§ HOW TO COMPLETE THIS TASK
Everything in the records below from the line containing "Foldable car organizer" through the line containing "Liposomal Astaxanthin Supplement" is to be reproduced exactly, those two lines included; no picture is to be copied.

§ RECORDS FOR THE TASK
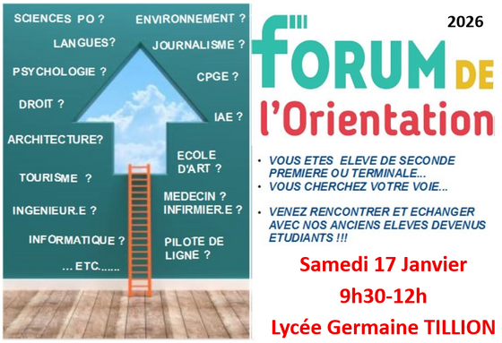 A l’occasion de notre FORUM de l’ORIENTATION 2026, nos lycéens de SECONDE, PREMIERE et TERMINALE pourront rencontrer et échanger avec d’anciens élèves de l’établissement désormais étudiants. Au-delà des renseignements sur leurs formations, les étudiants pourront également donner des indications sur ce qu’est la vie étudiante sous tous ses aspects.
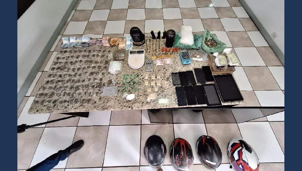 Durante a operação, a equipe da PM localizou e apreendeu cerca de 955 gramas de maconha, 73 gramas de cocaína e 92 gramas de crack, além de uma quantia de aproximadamente R$ 3.000 em dinheiro. Também foram encontrados três carregadores de pistola, cinco cartuchos de calibre 12, 33 munições de calibre 9mm, cinco munições de calibre .38, balanças de precisão, máquinas de cartão, câmeras de monitoramento além de outros objetos.
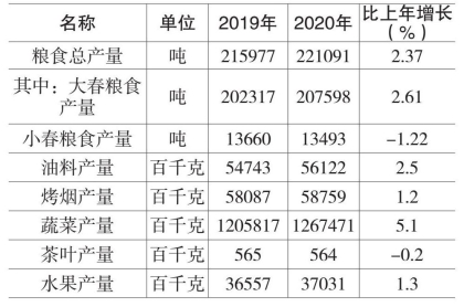 全年粮食总产量达221091吨,比上年增2.37%。其中:大春粮食产量207598吨,比上年增长2.61%;小春粮食产量13493吨,比上年下降1.22%。油料产量56122百千克,比上年增长2.5%;烤烟产量58759百千克,比上年增长1.2%;蔬菜产量1267471百千克,比上年增长5.1%;茶叶产量564百千克,比上年下降0.2%;水果产量37031百千克,比上年增长1.3%。
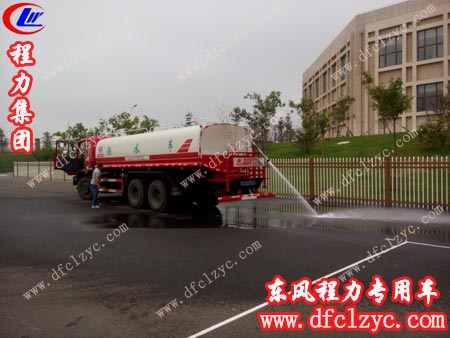 东风后双桥洒水车到达张总用户所在地,上图是用户正在为该车试水,东风后双桥洒水车同其他洒水车一样,都带有前冲后洒、侧喷、洒水高炮等专用功能。东风公司原装底盘,配备康明斯210马力发动机,罐体容积约20立方。湖北程力专用汽车有限公司官方销售网:http://www.dfclzyc.com。
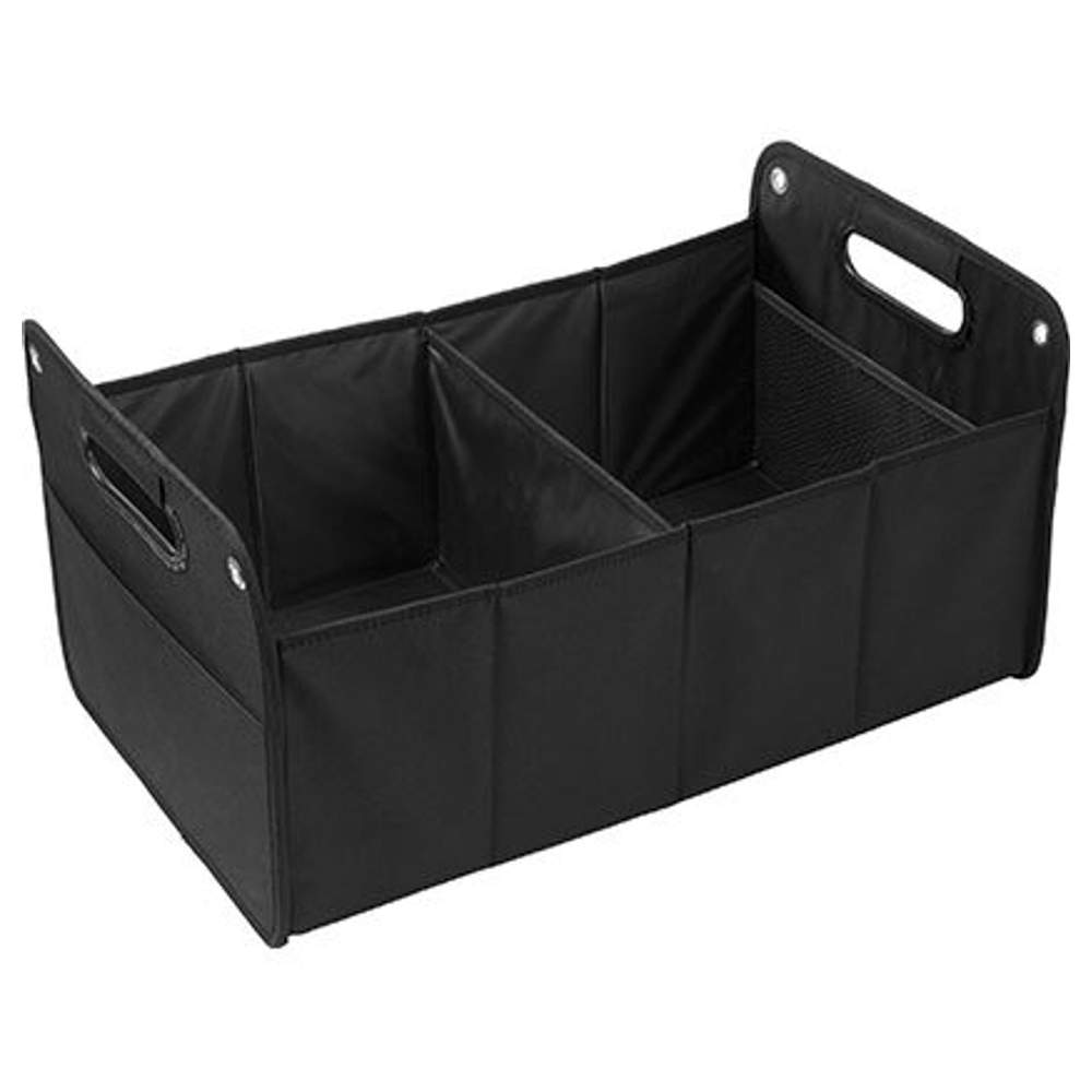 Foldable car organizer designed to facilitate the storage of items inside the vehicle. It has two separate compartments to separate items and a large pocket attached to the front for quick access to small items. The structure is reinforced with metal eyelets at the front and back, allowing for secure fastening. A black elastic band 2.5 cm wide is integrated at the back to ensure stable fastening to the car seat. This organizer is designed to provide a practical and durable solution to keep the interior of the vehicle tidy.
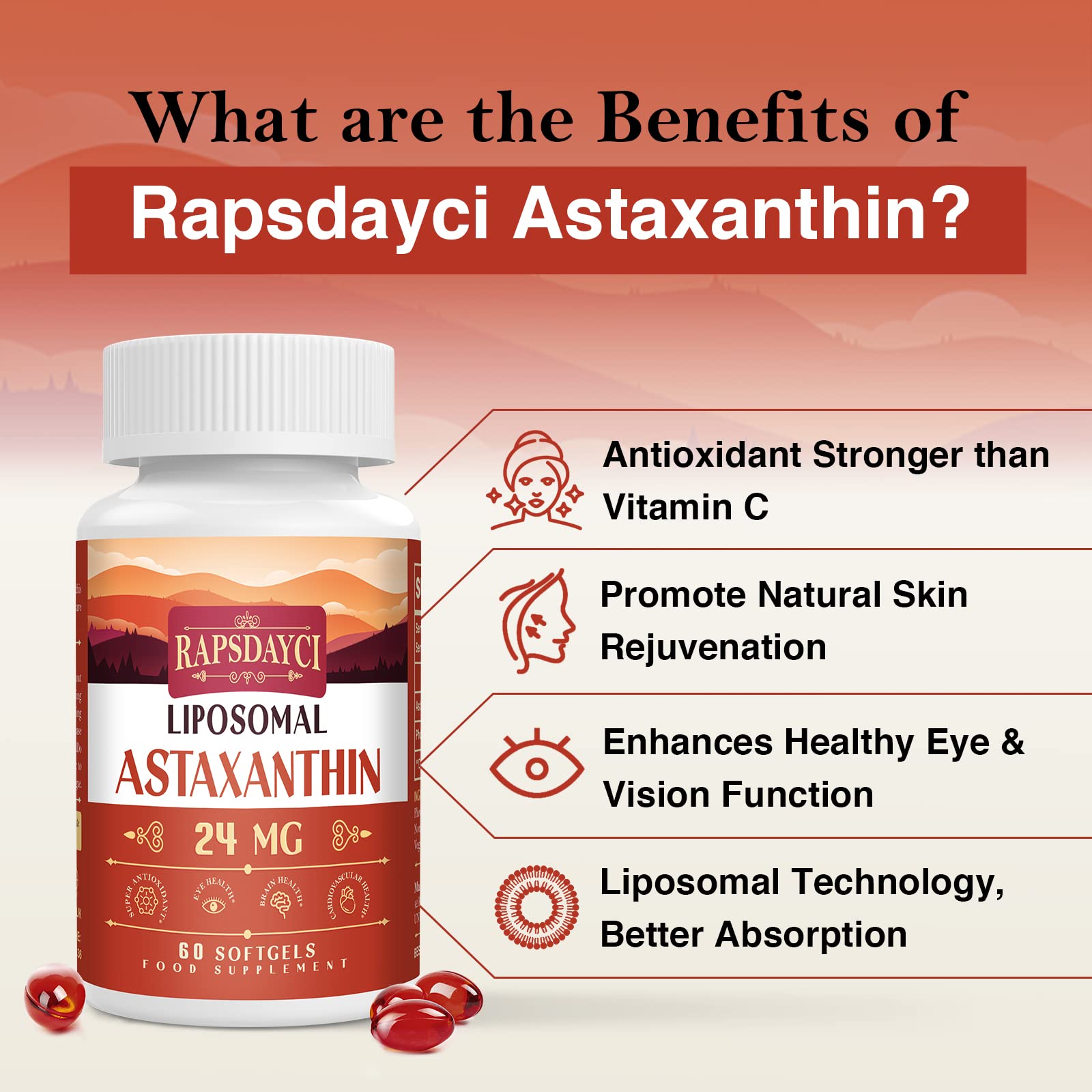 Liposomal Astaxanthin Supplement 24mg Per Serving, Powerful Antioxidant Formula Than VIT C, Eye & Immune Health Support, Superior Absorption (180 Count (Pack of 3))
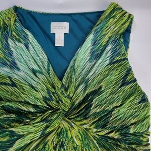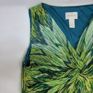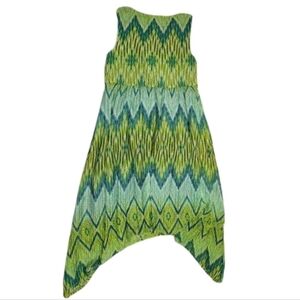 Chico's Maida Handkerchief IKAT Knit Asymmetric Hem Midi Dress. Sleeveless with Twist Bodice in Multiple Green Geometric Print.
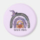 Este diseño presenta un arcoiris negro, un gorra de brujas morado y un farol con las palabras "Vibes de brujas". Es perfecto para una fiesta de Halloween o cualquier día normal.
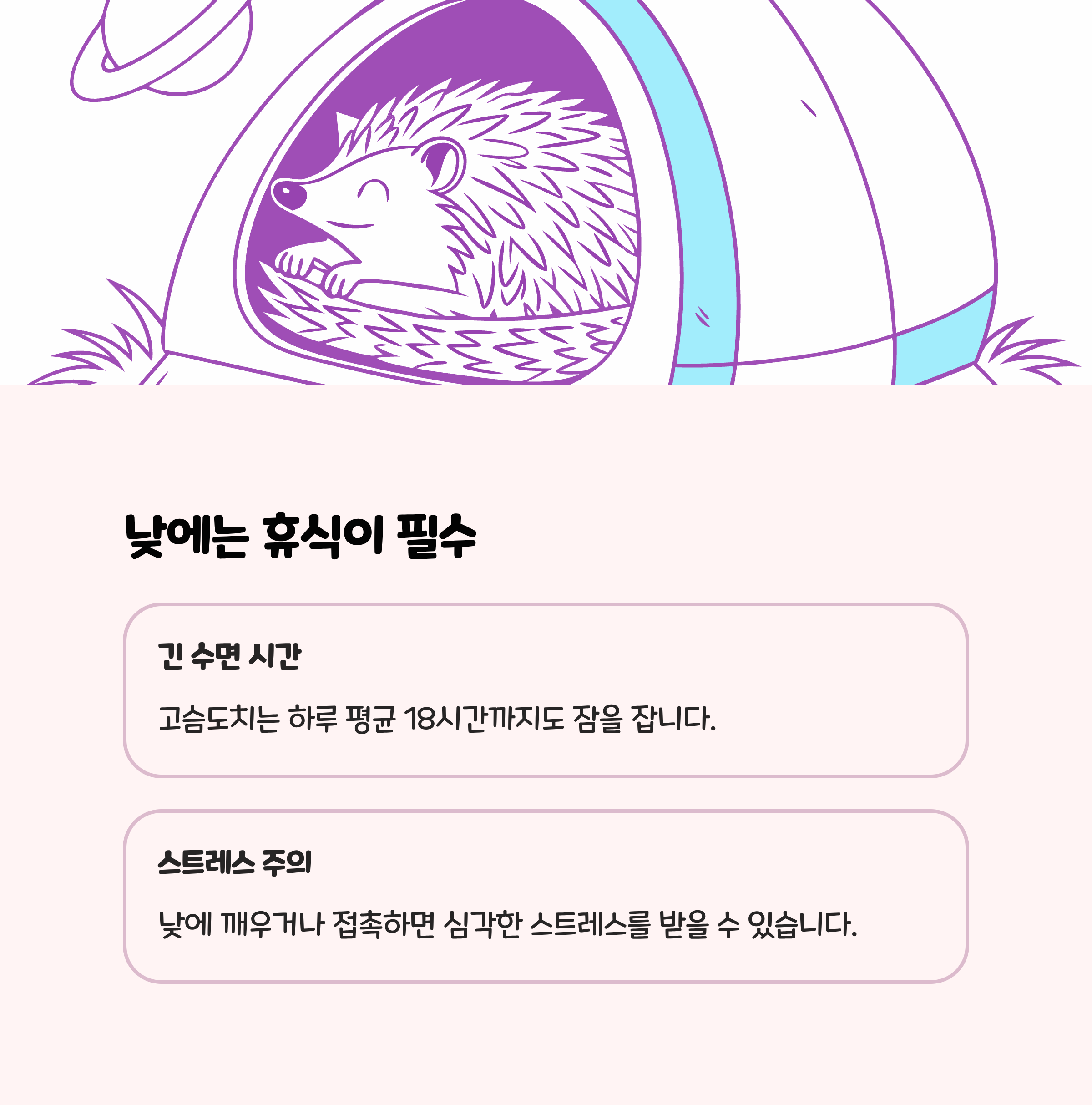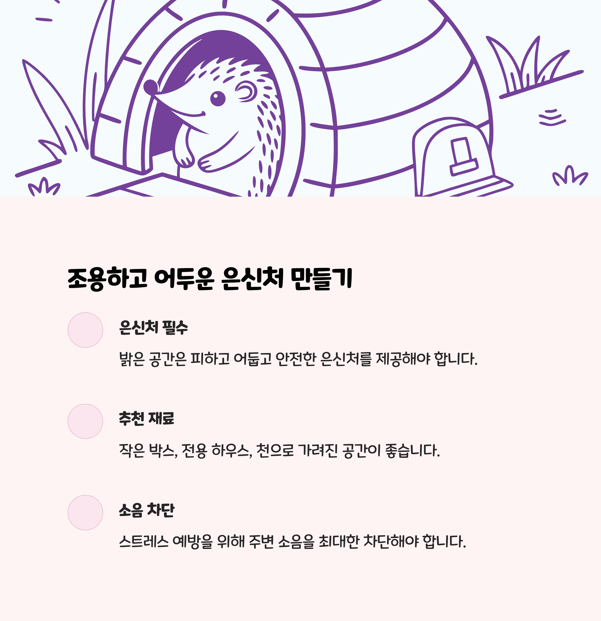 고슴도치는 밤에 활동하므로 낮에 충분히 휴식하지 못하면 스트레스를 받고, 면역력이 약해질 수 있습니다. 낮에는 항상 은신처를 제공해 자연스럽게 쉴 수 있도록 해야 합니다.

§ WORKED SOLUTION
 Foldable car organizer designed to facilitate the storage of items inside the vehicle. It has two separate compartments to separate items and a large pocket attached to the front for quick access to small items. The structure is reinforced with metal eyelets at the front and back, allowing for secure fastening. A black elastic band 2.5 cm wide is integrated at the back to ensure stable fastening to the car seat. This organizer is designed to provide a practical and durable solution to keep the interior of the vehicle tidy.
 Liposomal Astaxanthin Supplement 24mg Per Serving, Powerful Antioxidant Formula Than VIT C, Eye & Immune Health Support, Superior Absorption (180 Count (Pack of 3))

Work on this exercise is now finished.